━━ Provided data
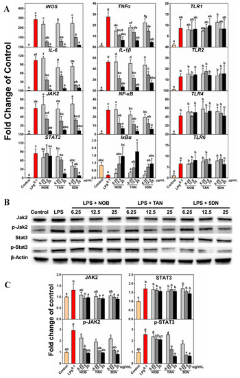 Key gene expression for three inflammation-related pathways, including the JAK2/STAT3 pathway, the NF-κB/IκBα pathway, and the TLR pathway, was investigated using qRT-PCR. As shown in Figure 4A, PMFs restrained LPS-induced upregulation of inducible nitric oxide synthase (iNOS), IL-6, JAK2, TNFα, IL-1β, and NF-κB and LPS-induced downregulation of IκBα. For TLR1, TLR2, TLR4, and TLR6, PMFs did not affect LPS-induced gene upregulation. Previous reports have shown that tangeretin treatment can downregulate the LPS-induced gene upregulation of iNOS, TNFα, IL-1β, and IL-6 [19]. Nobiletin can suppress LPS-induced NO release and was relevant in the downregulation of TNFα and NF-κB and the upregulation of IκB [17]. Tangeretin inhibited IL-1β, IL-6, and TNFα concentration in BV-2 medium and was found to be involved in NF-κB/IκBα pathway regulation [18]. Our results are consistent with previous reports and indicated that PMFs prevented the expression of the JAK2 and STAT3 genes. Among the three monomers, tangeretin and 5-demethylnobiletin repressed both JAK2 and STAT3 gene expression, while nobiletin suppressed JAK2 gene expression but had no effect on STAT3 expression.
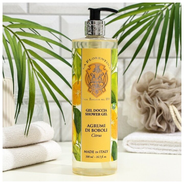 Гель для душа La Florentina - это ароматный и красивый островок Италии, способный создать сказочое настроение в любой ванной комнате и по-настоящему позаботиться о вас. Гель для душа с ароматом солнечного цитруса станет отличным способом побаловать себя и украсит ваш дом, наполнив его озорным, бодрящим ароматом ярких цитрусов. Нежный гель имеет легкую, текстуру, отлично пенится и обогащен оливковым маслом и натуральными экстрактами. Гель не содержит парабеноов, силиконов и агрессивных моющих основ, а значит - бережно заботится даже о самой чувствительной коже, питая и увлажняя ее, не вызывает раздражения, ощущения стянутости, и дарит ощущение свежести и отличное настроение на весь день.
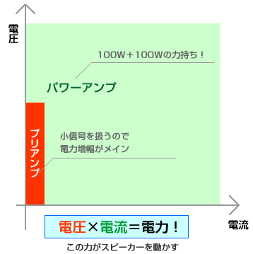 ところでプリは電圧増幅、パワーアンプは電力増幅の役目なのですが、イマイチその違いがハッキリしないネという方もいるでしょう。それを解説したのが図4です。縦が電圧、横が電流。それぞれどう大きさが違うかというと、プリアンプの方は小信号を扱うので電圧増幅がメインです。縦に伸びて電流は微々たるもの。でもメインアンプは違います。「電流×電圧=電力」という公式を理科の授業で学んだはずですが、この力(面積)がスピーカを動かすもと。なので電流をたっぷりと流し、熱を出しながらがんばっていますね。だからヒートシンク(放熱板)が必要なのです。
━━━━
Could you repeat each line above exactly as written? Omit the pictures.

 Key gene expression for three inflammation-related pathways, including the JAK2/STAT3 pathway, the NF-κB/IκBα pathway, and the TLR pathway, was investigated using qRT-PCR. As shown in Figure 4A, PMFs restrained LPS-induced upregulation of inducible nitric oxide synthase (iNOS), IL-6, JAK2, TNFα, IL-1β, and NF-κB and LPS-induced downregulation of IκBα. For TLR1, TLR2, TLR4, and TLR6, PMFs did not affect LPS-induced gene upregulation. Previous reports have shown that tangeretin treatment can downregulate the LPS-induced gene upregulation of iNOS, TNFα, IL-1β, and IL-6 [19]. Nobiletin can suppress LPS-induced NO release and was relevant in the downregulation of TNFα and NF-κB and the upregulation of IκB [17]. Tangeretin inhibited IL-1β, IL-6, and TNFα concentration in BV-2 medium and was found to be involved in NF-κB/IκBα pathway regulation [18]. Our results are consistent with previous reports and indicated that PMFs prevented the expression of the JAK2 and STAT3 genes. Among the three monomers, tangeretin and 5-demethylnobiletin repressed both JAK2 and STAT3 gene expression, while nobiletin suppressed JAK2 gene expression but had no effect on STAT3 expression.
 Гель для душа La Florentina - это ароматный и красивый островок Италии, способный создать сказочое настроение в любой ванной комнате и по-настоящему позаботиться о вас. Гель для душа с ароматом солнечного цитруса станет отличным способом побаловать себя и украсит ваш дом, наполнив его озорным, бодрящим ароматом ярких цитрусов. Нежный гель имеет легкую, текстуру, отлично пенится и обогащен оливковым маслом и натуральными экстрактами. Гель не содержит парабеноов, силиконов и агрессивных моющих основ, а значит - бережно заботится даже о самой чувствительной коже, питая и увлажняя ее, не вызывает раздражения, ощущения стянутости, и дарит ощущение свежести и отличное настроение на весь день.
 ところでプリは電圧増幅、パワーアンプは電力増幅の役目なのですが、イマイチその違いがハッキリしないネという方もいるでしょう。それを解説したのが図4です。縦が電圧、横が電流。それぞれどう大きさが違うかというと、プリアンプの方は小信号を扱うので電圧増幅がメインです。縦に伸びて電流は微々たるもの。でもメインアンプは違います。「電流×電圧=電力」という公式を理科の授業で学んだはずですが、この力(面積)がスピーカを動かすもと。なので電流をたっぷりと流し、熱を出しながらがんばっていますね。だからヒートシンク(放熱板)が必要なのです。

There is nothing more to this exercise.